The east wall of the Mut Temple's East Porch was our first major project this year; you can see its condition at the start of the season. The foundations were in terrible shape and the single block of the intercolumnar wall had split vertically and slipped. You can see the split in the lower photo.
Our second project was to repair the small chapel and the granite ram just inside the Precinct entrance. On the left is what they looked like in December; on the right, the chapel restored.
Once the chapel was finished we could put the ram on its new base. It isn't very big, but granite is heavy and awkward to move, even with a siba.
With the ram in place we could finally re-attach its left foreleg and Mohammed could begin to fill in the missing areas.
Looking east (left) and west yesterday along the row of rams, sphinxes and small chapels that line the enclosure wall east of the Precinct entrance. We don't know where the granite ram stood in antiquity but since it was found in this area, restoring it here made sense. It fits in well with its bigger cousins.

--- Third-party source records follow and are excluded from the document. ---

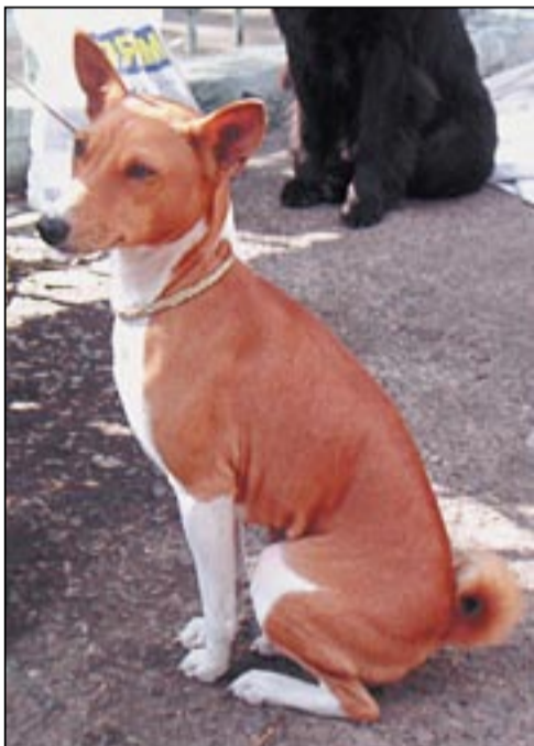
■ Бассенджи Зарина С Полярного Созвездия.
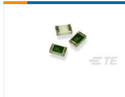
TE 产品编号 1879215-2 CPF 0402 4K12 0.1% 25PPM 1K RL
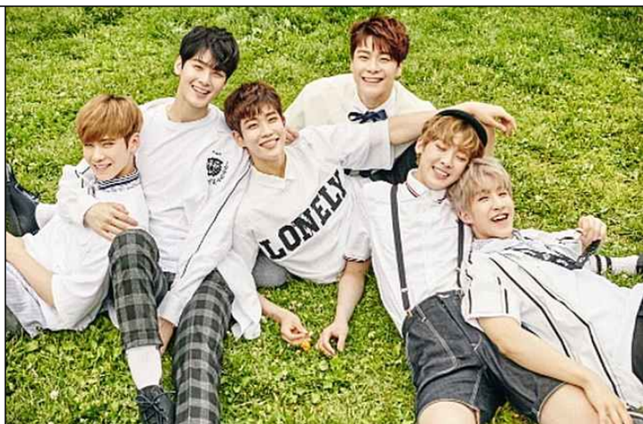
아스트로 (2일차: 11월16일, 수)
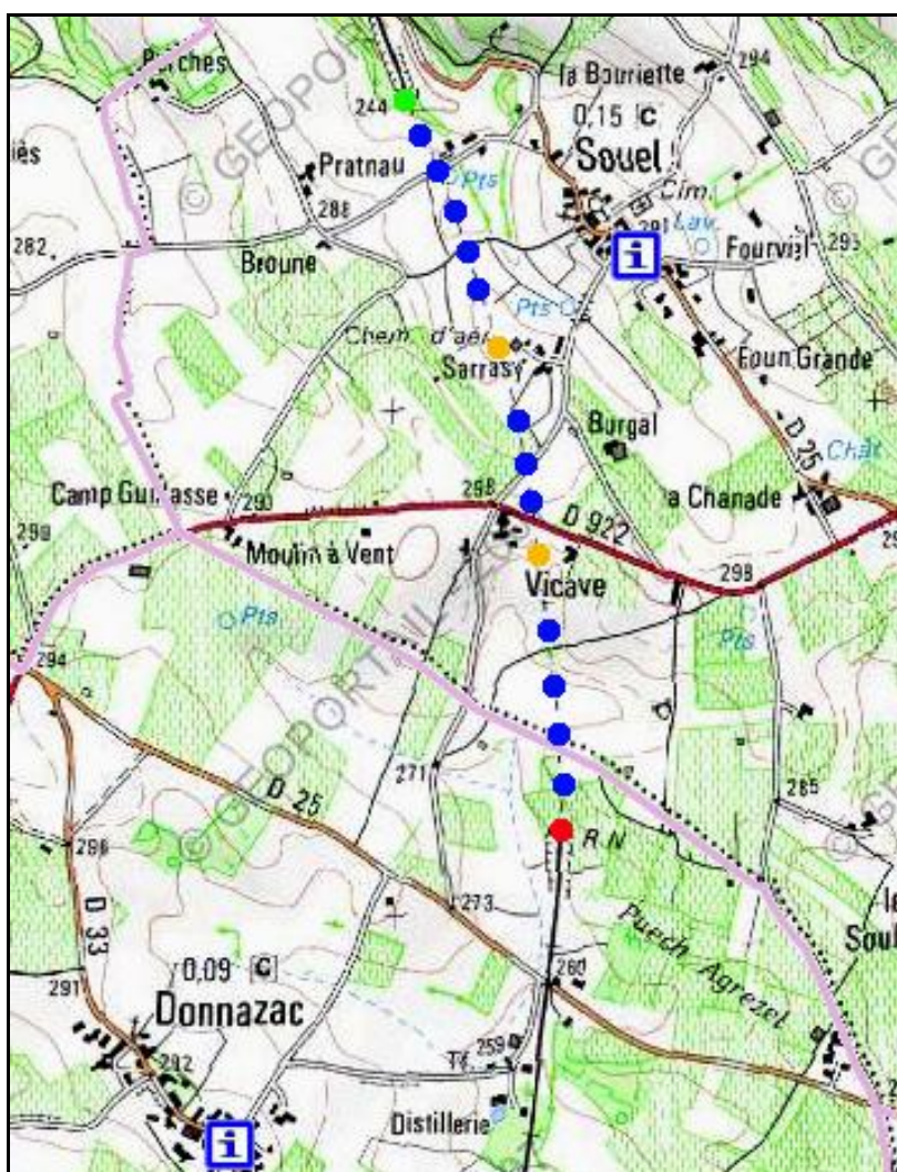
Les deux points orange indiquent les cheminées d'aération
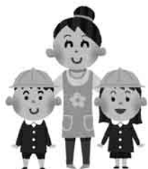
保育施設への送り迎え

In Chapel D this week we built the new section of column out to the proper circumference and applied the finishing coat. As well as reattaching the inscribed upper segments we were able to restore a portion of the lower decoration.
The entrance and first room of Chapel D showing the results of our work in the 2006 and 2007 seasons.
Chapel D will continue to be a focus of next season's conservation efforts. The walls of the inner rooms of the chapel are very badly decayed. This year we were able to shore them up temporarily, but they have to be dismantled and rebuilt.
Our major project next year will be to excavate the Taharqa Gate and to restore it as much as possible. We got a start late this season with the removal of an old baulk (left), but as you can see in the lower photo we've got a lot of work ahead of us.Lisa and her conservation team with the revived ram. Thursday was Lisa's last day at the site and we will miss her. Despite sandstorms, occasional shortages of materials, and the challenges of on-site conservation she was able to maintain her sense of humor and her thorough professionalism. Thanks Lisa!